BEGIN Dataset extract

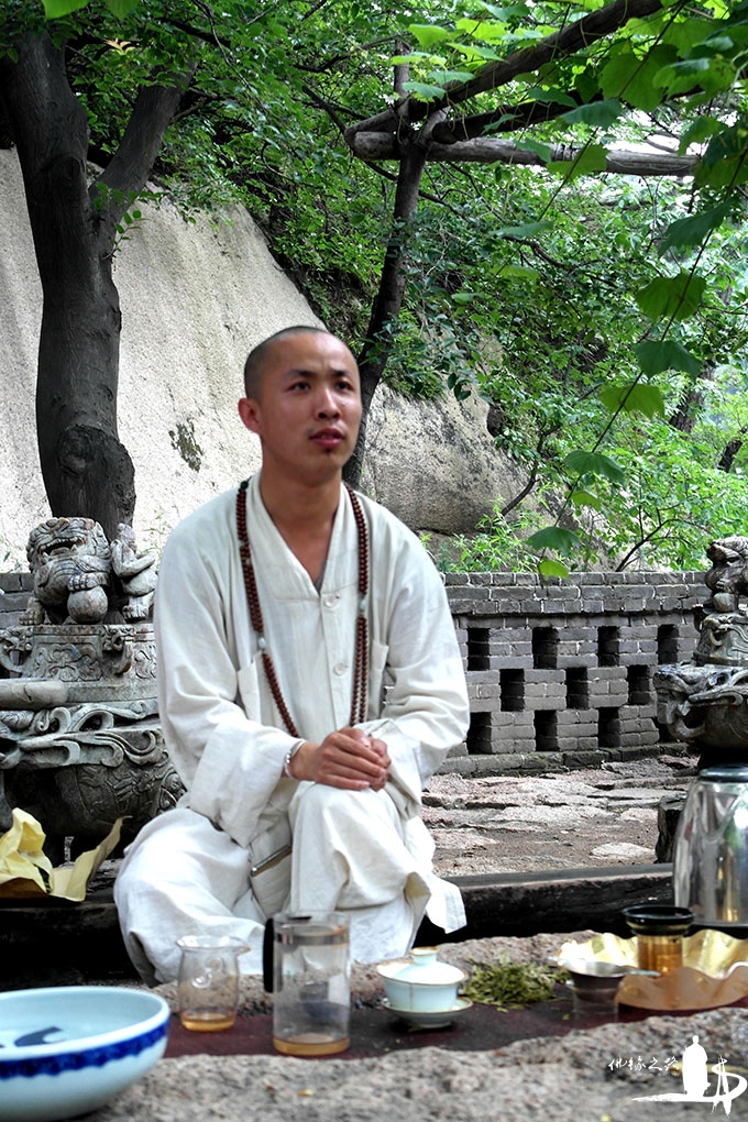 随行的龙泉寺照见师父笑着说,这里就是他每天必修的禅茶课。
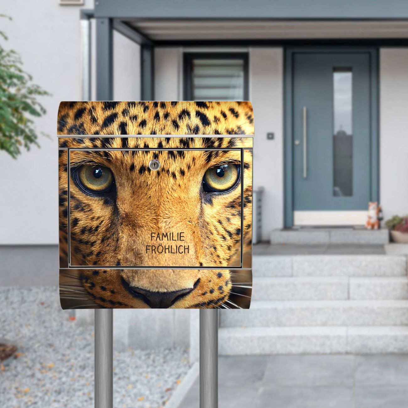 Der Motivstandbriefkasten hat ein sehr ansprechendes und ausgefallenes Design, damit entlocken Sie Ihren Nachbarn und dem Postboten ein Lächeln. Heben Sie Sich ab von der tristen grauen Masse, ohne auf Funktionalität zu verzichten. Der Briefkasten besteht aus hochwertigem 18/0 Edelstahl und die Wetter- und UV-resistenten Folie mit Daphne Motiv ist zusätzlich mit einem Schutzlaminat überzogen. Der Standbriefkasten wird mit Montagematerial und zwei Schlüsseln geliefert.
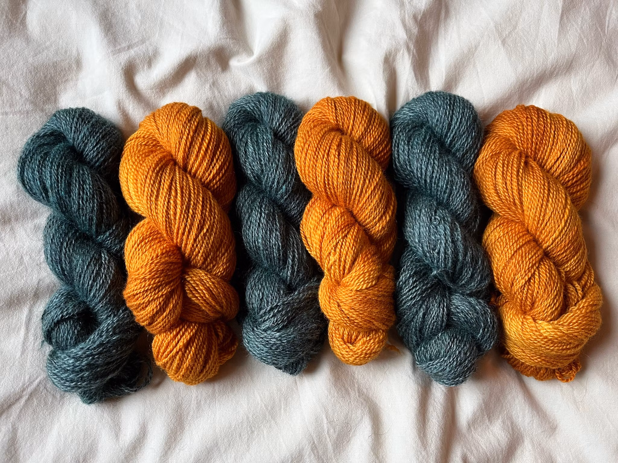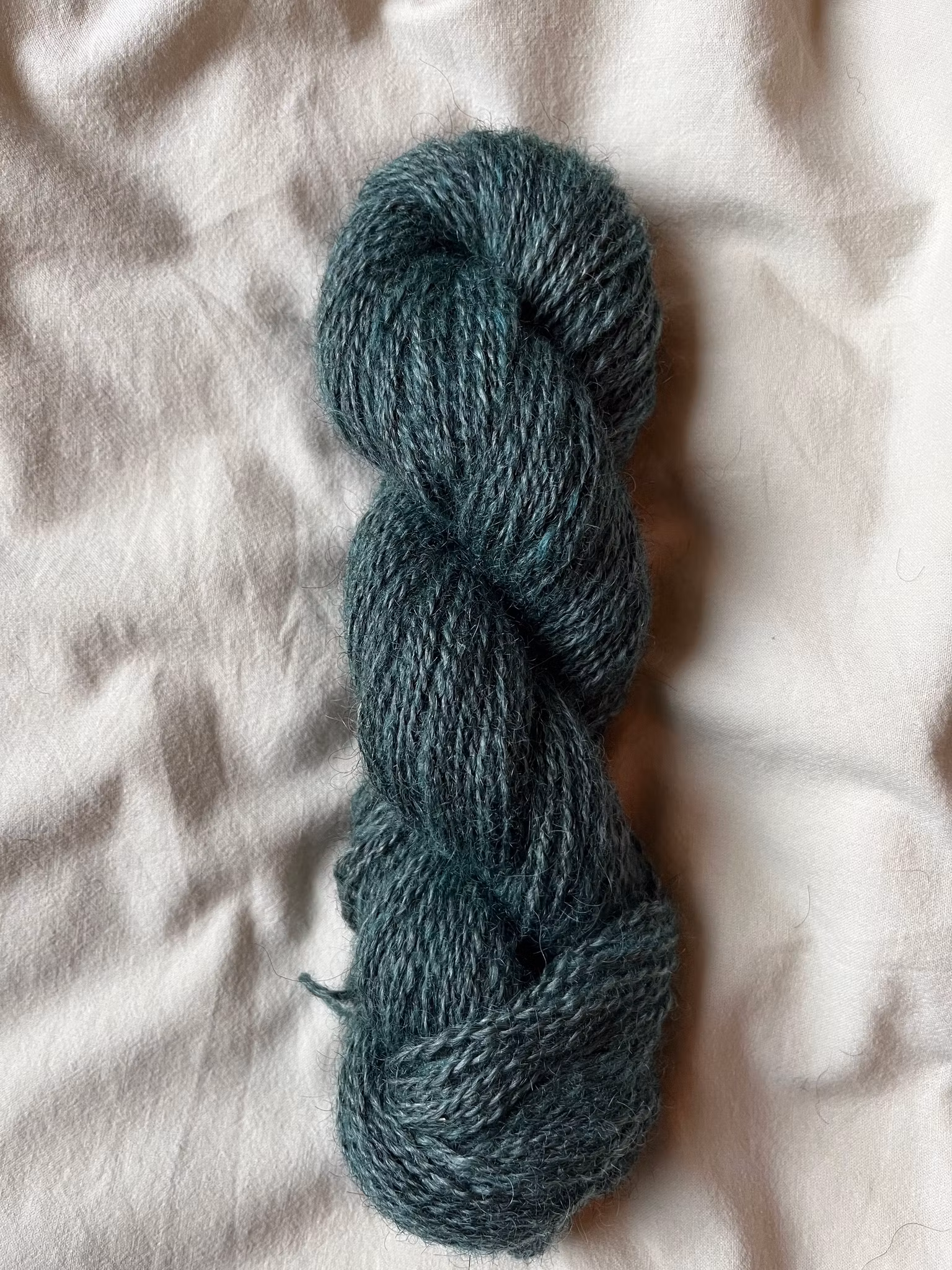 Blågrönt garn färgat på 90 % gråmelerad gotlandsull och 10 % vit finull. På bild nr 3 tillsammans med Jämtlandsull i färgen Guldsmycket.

END Dataset extract

● Activity: Print the material again, unchanged, without its pictures.

● Output:
 随行的龙泉寺照见师父笑着说,这里就是他每天必修的禅茶课。
 Der Motivstandbriefkasten hat ein sehr ansprechendes und ausgefallenes Design, damit entlocken Sie Ihren Nachbarn und dem Postboten ein Lächeln. Heben Sie Sich ab von der tristen grauen Masse, ohne auf Funktionalität zu verzichten. Der Briefkasten besteht aus hochwertigem 18/0 Edelstahl und die Wetter- und UV-resistenten Folie mit Daphne Motiv ist zusätzlich mit einem Schutzlaminat überzogen. Der Standbriefkasten wird mit Montagematerial und zwei Schlüsseln geliefert.
 Blågrönt garn färgat på 90 % gråmelerad gotlandsull och 10 % vit finull. På bild nr 3 tillsammans med Jämtlandsull i färgen Guldsmycket.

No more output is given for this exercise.